Шрифт:
Интервал:
Закладка:
— А кыргызишки — оне все золото любят, всё решить с ними можно, ежели с умом подойти, да золотом умаслить. Ну, я пообещался, что через два дня нагоню обоз. У меня на руднике нычка была — много лет складывал. Тайник крепкий, никуда с него золотишко не денется. А потом в Кобдо встретились бы. Без обоза напрямки вперёд них приехал бы. За жену не волновался, мужиков в обозе много, братовья, зятья, да и деды ешшо крепкие были, белку в глаз били. А вот на руднике-то меня беда и подстерегла…

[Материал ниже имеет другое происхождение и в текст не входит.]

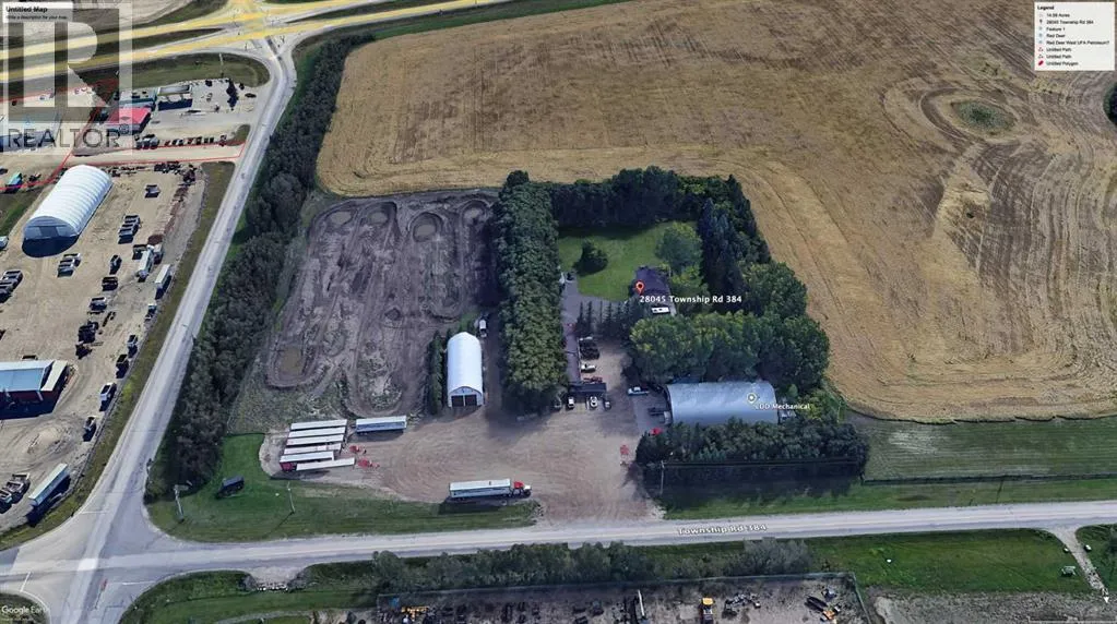 8.48 Acres virtually in town, with income! A perfect Live/ work combo, with this 1412 sq ft, 5 bed, 2 Bi-level home, with 12'x26' single attached garage, COMPLETELY RENOVATED from windows/ roof, interior and baths, painted cupboards and more. Home yard space beautifully landscaped w/ mature trees, asphalt driveway, features a 36'x50' (1,800 sq ft) heated Quonset, attached to that is a 29'x50 (1450 sq ft)office space w/ two offices - perfect for that home-based operation, and toy/ tractor storage all with flexible BSI County zoning. An additional 60'x100' heated quonset with floor drains, mechanic set up - with smaller office/ bath (currently rented out at $4,800/month gross) The expansive packed and gravelled Yard with around two acres of packed yard space, with Newly upgraded Power, Gravel and fencing for 21 energized parking stalls/ truck parking, fully leased on annual lease basis between $150-$200/stall ($3,200/month gross) another 34'x90' heated tent-Quonset w/ gravel pad (rented at $1000/month) . 40' sea-can included, along with over 3.5 acres of future development potential (currently a dirt bike track) which has endless potential. RV rental, sea-can storage yard, all big possibilities (subject to county approval) along with the $9,000/month in gross income, and future possibilities for additional income, along with space to run your own business, makes this property a real winner. Well & septic service the entire property, and is located on one of Red Deer's busiest Industrial Corners, just off HWY 11A! (id:27476)

Оказалось, что на руднике начались работы, нагнали людей, охрана с карабинами, объездчики. Тимофей, только завидев звёзды на фуражках, засел выше коргонской тропы — тогда широкой дороги, тропа была торным колёсным путём, не той узкой, не развернуться, скальной ступенькой, которую видели мы с напарником. Объездчик ехал по низу, и как он успел заметить его, Тимофей не знал. Выстрел грянул нежданно. Руку прожгла боль.

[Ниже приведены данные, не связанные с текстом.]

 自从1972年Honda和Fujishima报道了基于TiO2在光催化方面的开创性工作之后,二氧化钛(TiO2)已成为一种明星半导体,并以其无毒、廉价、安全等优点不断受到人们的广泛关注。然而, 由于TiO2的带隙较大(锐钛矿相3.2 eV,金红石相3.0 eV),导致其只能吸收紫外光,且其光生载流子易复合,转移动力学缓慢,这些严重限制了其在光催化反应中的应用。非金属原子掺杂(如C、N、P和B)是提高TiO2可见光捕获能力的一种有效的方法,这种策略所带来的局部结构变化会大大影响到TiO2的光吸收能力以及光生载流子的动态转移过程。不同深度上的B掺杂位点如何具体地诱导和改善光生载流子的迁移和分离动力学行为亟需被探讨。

— Ежели б в ногу попал — не ушёл бы. А так нырнул в заросли и места-то куда лучше пришлых знаю, да в горах каждый камень что тебе ступень широкая, ну и в аккурат к тому месте, где ты о камешки приложился, к ручью и вышел.
— Тимофей, так ты, получается, в начале века родился? По твоему рассказу тебе уже сто пятнадцать лет должно быть… — я замолчал, рассматривая крепкого мужика, которому на вид не больше шестидесяти — шестидесяти пяти лет.
— А вот поэтому и остерёг вас от похода в рудник…
— Так всё-таки ты был? Тогда ночью?
— Я или дух мой гулял — кто его разберёт? — уклонился от ответа Тимофей. — Я в это не вникаю, Бог сам знает, что с душами делать, куда их направлять, зачем… А мне остеречь вас велел, чтобы не сгибли зазря.
— Прямо Бог? — я усмехнулся, но он, заметив ухмылку, сказал:
— Зря ты так. Бог всё видит. Я вот малой когда был, тоже удивлялся. Что сделаю, мать тут же узнавала. Спрашивал её — откуда знаешь? А она так на икону показывала да говорила: «Боженька всё видал, да мне сказал». Мне тогда годов семь было, малец совсем, глупой. А додумался, когда родителёв дома не было, подтащил сундук, стул взгромоздил да гвоздём иконе глаза повыцарапал — чтоб впредь не докладывал о моих шалостях. Ну мать с отцом пришли, отец к божничке, знамением себя осенил, а потом взял вожжи да выдрал меня, как Сидор козу. А мать вступилась, мол, его и так Бог накажет, ты ещё лупцуешь. Ну и наказал Боженька. А всё через золото, будь оно неладно! Я тогда в тот лаз ушёл, не тот, которым учёный, друг твой, из рудника вышел, а рядом ешшо один был — раньше про него знал…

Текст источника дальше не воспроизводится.